"""

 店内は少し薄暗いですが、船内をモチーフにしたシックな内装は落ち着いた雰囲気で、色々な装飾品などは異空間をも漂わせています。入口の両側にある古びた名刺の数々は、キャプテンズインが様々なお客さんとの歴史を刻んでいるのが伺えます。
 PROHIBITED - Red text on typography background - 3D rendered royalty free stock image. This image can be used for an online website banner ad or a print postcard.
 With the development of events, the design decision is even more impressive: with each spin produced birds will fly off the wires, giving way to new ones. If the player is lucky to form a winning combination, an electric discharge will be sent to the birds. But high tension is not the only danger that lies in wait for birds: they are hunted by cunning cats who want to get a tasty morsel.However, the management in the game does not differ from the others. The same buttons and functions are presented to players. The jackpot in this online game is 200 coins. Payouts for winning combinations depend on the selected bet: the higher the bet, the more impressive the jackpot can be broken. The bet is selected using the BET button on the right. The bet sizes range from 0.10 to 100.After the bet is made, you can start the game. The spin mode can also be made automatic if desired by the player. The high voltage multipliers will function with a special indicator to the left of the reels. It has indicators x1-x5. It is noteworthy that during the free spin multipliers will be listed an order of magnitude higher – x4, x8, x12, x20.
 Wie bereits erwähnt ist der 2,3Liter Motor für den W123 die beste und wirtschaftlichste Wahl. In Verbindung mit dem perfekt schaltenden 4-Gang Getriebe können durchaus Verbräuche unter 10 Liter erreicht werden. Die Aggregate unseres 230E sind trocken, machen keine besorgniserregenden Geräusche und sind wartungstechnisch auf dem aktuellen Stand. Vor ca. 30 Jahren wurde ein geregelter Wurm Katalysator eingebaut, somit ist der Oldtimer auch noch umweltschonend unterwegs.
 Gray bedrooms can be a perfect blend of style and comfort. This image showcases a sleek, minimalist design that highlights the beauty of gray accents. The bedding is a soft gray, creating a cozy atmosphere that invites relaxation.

"""
"""

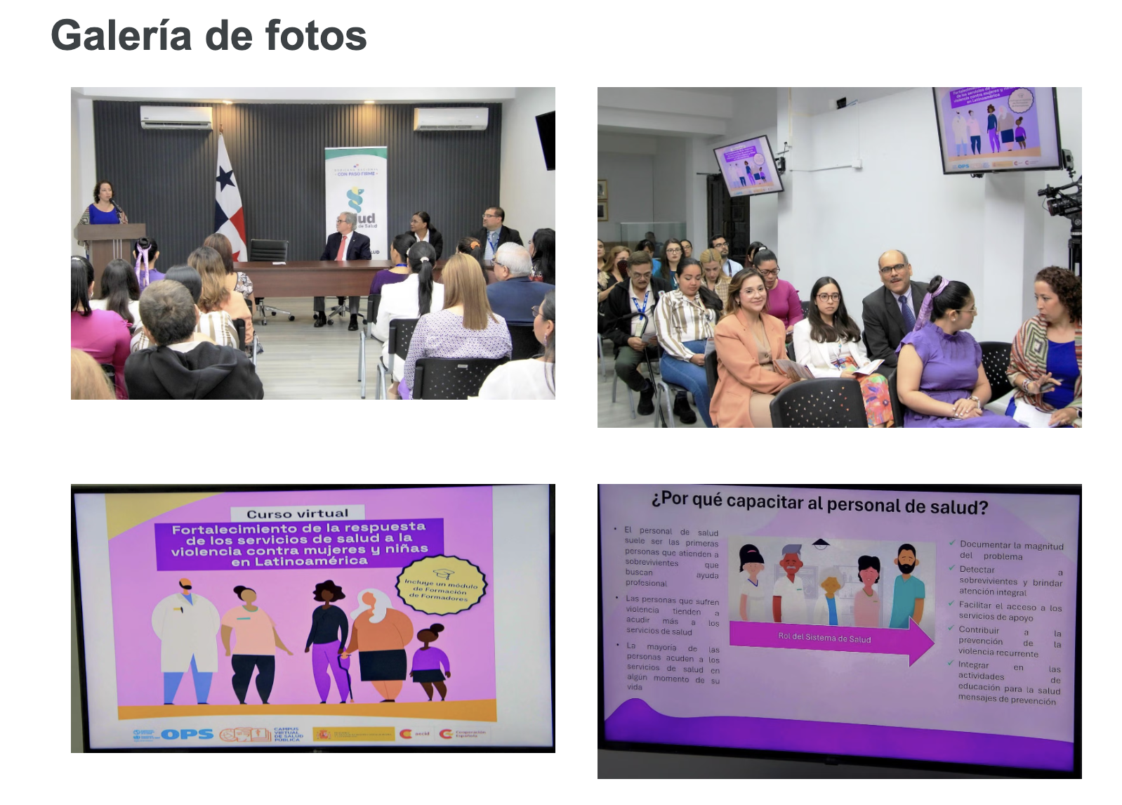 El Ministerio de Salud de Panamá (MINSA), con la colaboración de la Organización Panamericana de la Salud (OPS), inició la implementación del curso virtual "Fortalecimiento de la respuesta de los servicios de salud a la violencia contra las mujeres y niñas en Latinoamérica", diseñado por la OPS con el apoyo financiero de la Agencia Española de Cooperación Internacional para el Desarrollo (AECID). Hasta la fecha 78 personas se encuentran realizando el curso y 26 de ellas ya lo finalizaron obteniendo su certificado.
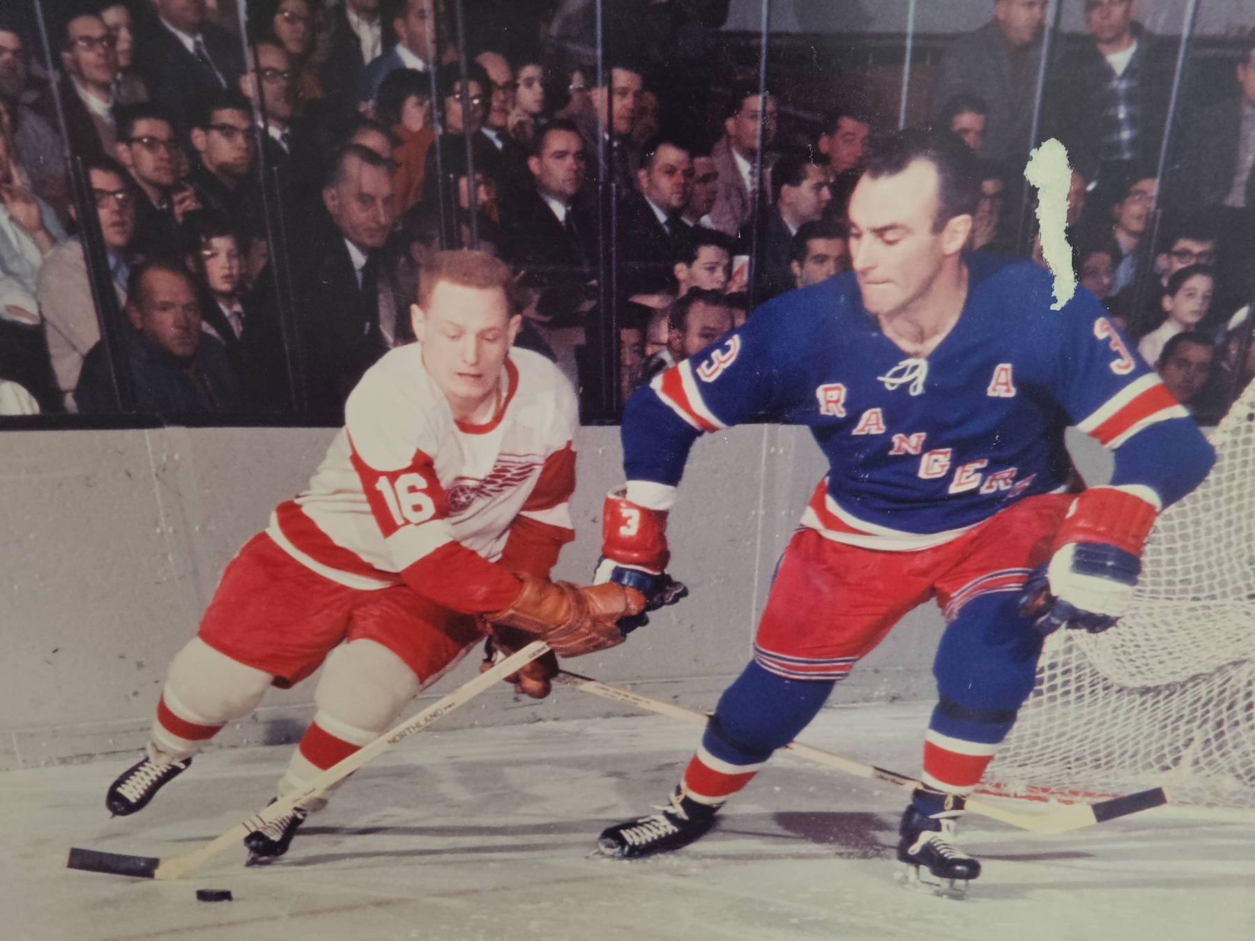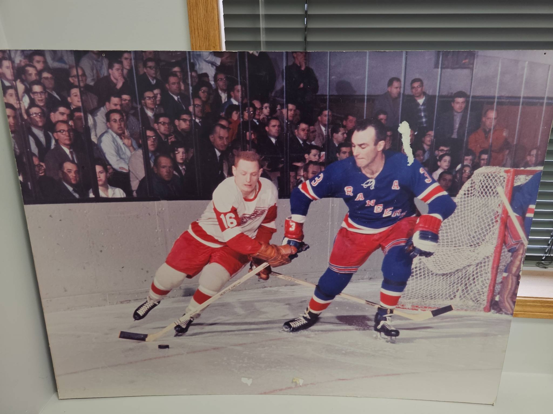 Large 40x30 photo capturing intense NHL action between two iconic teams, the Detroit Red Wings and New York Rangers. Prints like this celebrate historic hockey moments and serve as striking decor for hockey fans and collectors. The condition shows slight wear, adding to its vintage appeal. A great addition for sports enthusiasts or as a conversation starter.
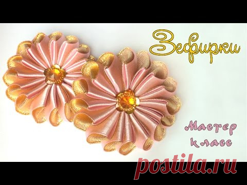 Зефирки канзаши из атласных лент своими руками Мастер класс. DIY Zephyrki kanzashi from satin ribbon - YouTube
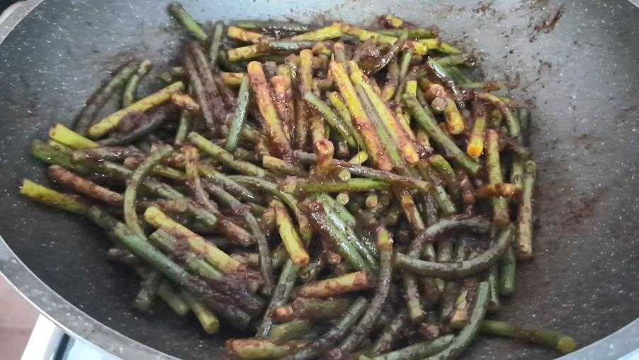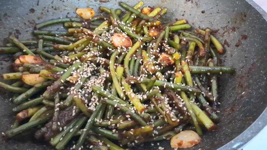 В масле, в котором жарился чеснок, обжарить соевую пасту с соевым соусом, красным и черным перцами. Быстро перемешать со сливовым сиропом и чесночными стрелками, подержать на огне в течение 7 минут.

"""
"""

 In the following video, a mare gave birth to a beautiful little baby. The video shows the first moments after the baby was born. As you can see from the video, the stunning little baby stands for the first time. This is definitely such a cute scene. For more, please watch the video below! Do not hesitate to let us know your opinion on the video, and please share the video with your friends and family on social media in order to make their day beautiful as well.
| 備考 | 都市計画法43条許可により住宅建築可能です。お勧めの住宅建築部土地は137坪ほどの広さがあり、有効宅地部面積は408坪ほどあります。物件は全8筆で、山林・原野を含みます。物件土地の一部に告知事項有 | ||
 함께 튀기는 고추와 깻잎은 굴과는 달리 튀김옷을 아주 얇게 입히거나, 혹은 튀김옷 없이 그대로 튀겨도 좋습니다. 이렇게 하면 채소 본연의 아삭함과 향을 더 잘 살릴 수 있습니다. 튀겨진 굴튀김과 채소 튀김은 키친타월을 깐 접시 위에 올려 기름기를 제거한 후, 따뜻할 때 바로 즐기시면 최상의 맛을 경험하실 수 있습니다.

"""

PROBLEM TO SOLVE: Go through the material above, and wherever a line holds the word "image", copy it.

TASK SOLUTION:
 PROHIBITED - Red text on typography background - 3D rendered royalty free stock image. This image can be used for an online website banner ad or a print postcard.
 Gray bedrooms can be a perfect blend of style and comfort. This image showcases a sleek, minimalist design that highlights the beauty of gray accents. The bedding is a soft gray, creating a cozy atmosphere that invites relaxation.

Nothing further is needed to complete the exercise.